Non manca neppure chi, tuttologo per passione, crede di essere onnisciente, pontificando su sociale, musica, economia, politica, lotta al precariato. Anche a me è capitato di sentirne la voce dall’autoradio: fra una strizzatina d’occhi e l’altra alla sinistra si degna e s’ingegna di continuo a rivelarci la sua profondissima cultura toccando non di rado vertici d’eleganza intellettuale quando pronuncia i termini più aulici del suo vocabolario. Fra questi brillano per soavità i seguenti: puttana, stronza e fascista di merda, indirizzati alle persone che non la pensano come lui e che, pertanto, sono ipso facto, ascrivibili al novero delle su citate categorie.

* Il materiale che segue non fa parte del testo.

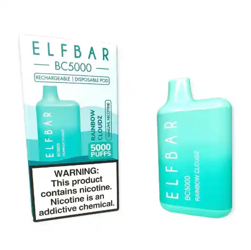 ELF BAR BC5000 RAINBOW CLOUDZ, presenta una caja pequeña pero una gran potencia! El diseño del recipiente tipo jarra de este proporciona una experiencia de usuario cómoda. Una vez que lo tengas, ¡te encantará! Elf Bar 5000, que consta de una bobina doble, ofrece los sabores más puros. Elf Bar es recargable, lo que elimina el estrés de quedarse sin energía. ¡Los colores contrastantes de este dispositivo brindan diversión y personalidad Capacidad: 13 ml Batería de 650 mAh Carga con cable tipo-c (NO in cluido) Todos los sabores pueden contener trazas de menta y/o mentol.

Ma chi si distingue superando tutti i concorrenti è un tale che in vita sua sembra non abbia mai avuto nient’altro da fare che prendere un qualsiasi articolo che non gli piaccia e demolirlo, dando vita a duetti ineguagliabili sui microfoni della radio del suo compare tuttologo. Il tempo che gli avanza lo ammazza scrivendo su una serie infinita di blog e social network dove, con paranoica compulsività, dispensa a generose bracciate quel che trabocca di ciò di cui è straricco: livore e disprezzo per tutti. Poi torna alla radio e, una volta accanto al suo compagno di duetto, comincia a cinguettare come un canarino addomesticato. La natura, così generosa nel distribuire risorse e talenti al genere umano, con lui è stata generosa più che mai, tanto da renderlo pari all’eroe di cui Omero canta le lodi con queste parole “uom di multiforme ingegno che molto errò”. Parole che gli si adattano alla perfezione, specie l’ultima.

Un’ultima nota: spesso questi personaggi parlano solo di integrazione come via maestra per la risoluzione di tutti i problemi, ma non indicano nessuna via per recuperare il sommerso, limitandosi a dire quali sono le cose da non fare. Obiettivamente, quando il dialogo non è possibile per ovvie ragioni di una nostra inferiorità intellettuale, alla quale cui si aggiungono accuse di far propaganda, non ci resta altro da fare che gettar la spugna.

Lascio a chi legge questo post il giudizio, e magari un’opinione a commento, su ciò che realmente dovrebbe essere fatto a proposito di questa situazione, sulla quale, credo, abbiate già avuto più d’un’occasione di riflettere per conto vostro.